Graduated from INSA de Lyon and holds a DEA in electromagnetism, Christophe Fourtet is a long time enthusiast of science and technology, particularly radio and electromagnetism. This passion will take him to work on multiple radio projects in companies such as Thomson, TALCO, SAGEM, MOTOROLA, as a design engineer and as a technical manager. He has been working on topics such as PMR, then pioneering digital PMR as well as digital cellular, and then 3G / LTE. In fact, caught in the 90s as many radio specialists by the wave of cellular and its quest of broadband, he made a 180 degree turn starting to work on more "frugal" and "low footprint" radio systems, combining low power and high performance for a given service.
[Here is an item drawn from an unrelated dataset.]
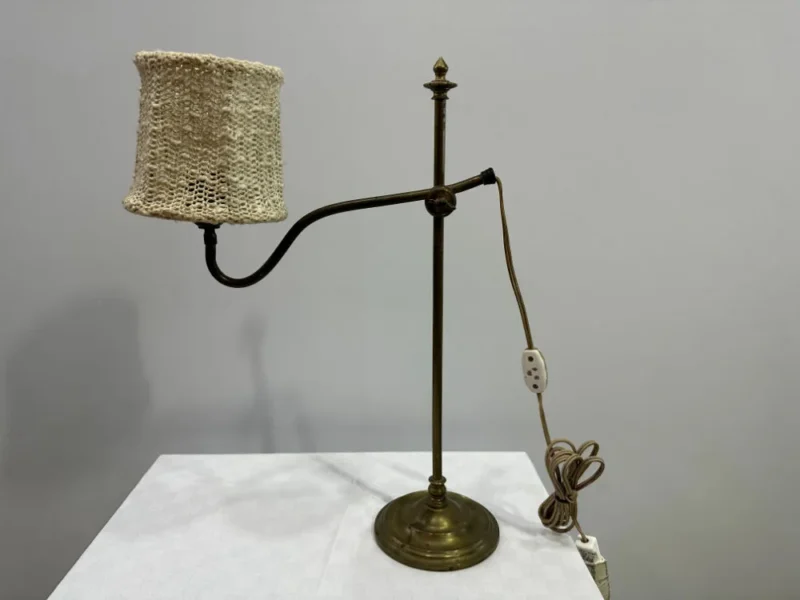 Jugendstil Messing Tischlampe / Tischleuchte befindet sich in einem guten bis sehr guten Zustand. Diese hübsche Tischleuchte funktioniert in einem einwandfreien Zustand. Sie ist besonders durch ihre Optisches Erscheinen ein echter Hingucker. Das Gestell der Lampe ist aus Messing und der Lampenschirm oben ist aus einem weissen, gehäkelten Wollen Stück versehen. Es ist eine zierliche Lampe und schaut auf einem Tisch, wie auch also Nachtischleuchte oder auch als Arbeitsleuchte super aus.
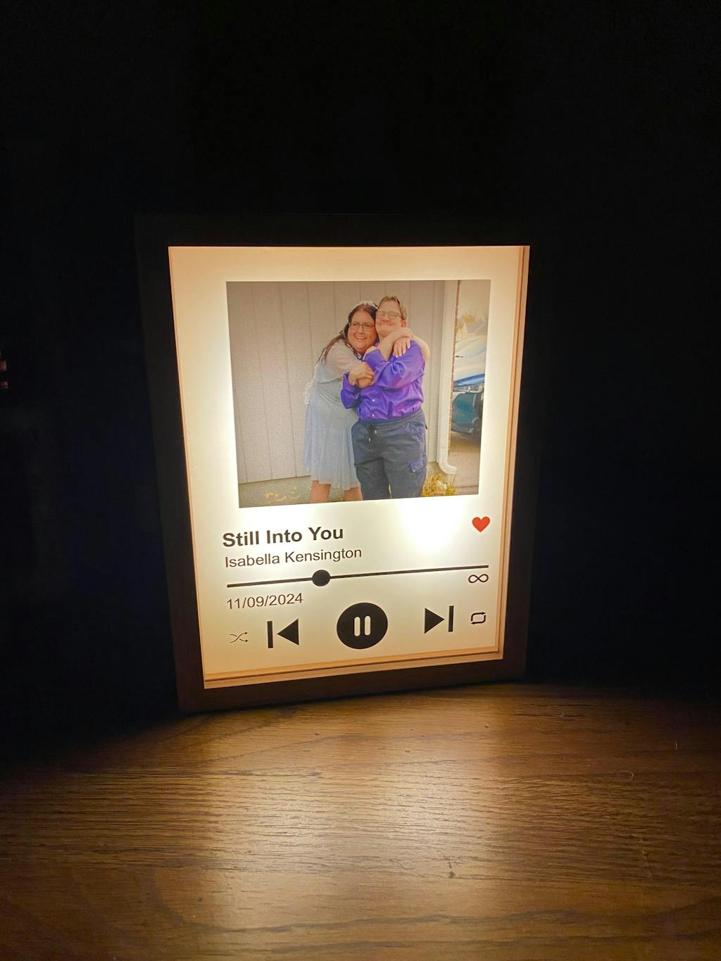 Capture your favorite moment and turn it into a glowing reminder of your connection with this stunning custom Spotify song frame. Whether it's your favorite love song, a memory from a besties road trip, or a song that reminds you of Mom’s hugs, this keepsake instantly melts hearts. Watch her face light up—literally and emotionally—when she sees your shared photo, special song, and message shining softly on display.

The modern UNB (Ultra Narrow Band) began to be born, and it is his meeting with Ludovic Le Moan, that triggered the spark of SIGFOX five years ago.

Abstract

The low power IoT, which will be the biggest market in IoT, requires a complete change of paradigm in radio infrastructure’s behavior and architecture. It is fundamental for the network to be “at the service” of objects, where classical radio networks impose heavy discipline on devices before any traffic. Additionally, because of required ultra low operation costs, heterogeneous shared spectrum usage will be mandatory.
Consequences of above points is the absolute necessity of using highly cognitive base station’s receivers as far as uplink is concerned, and highly flexible software defined transmitter for the downlinks. Last but not least, because of an obvious requirement for highest capacity as possible, and despite lack of discipline, those processes, or “instantiations” must be massively parallel and particularly sophisticated from signal separation stand point.
This leads to a level of SDR complexity that had never been practiced so far, where every latest technical development, in the domain of high definition A2D/D2A, signal processing architectures, digital platform, distributed computing, for instance, must be seriously considered right at the beginning of the project.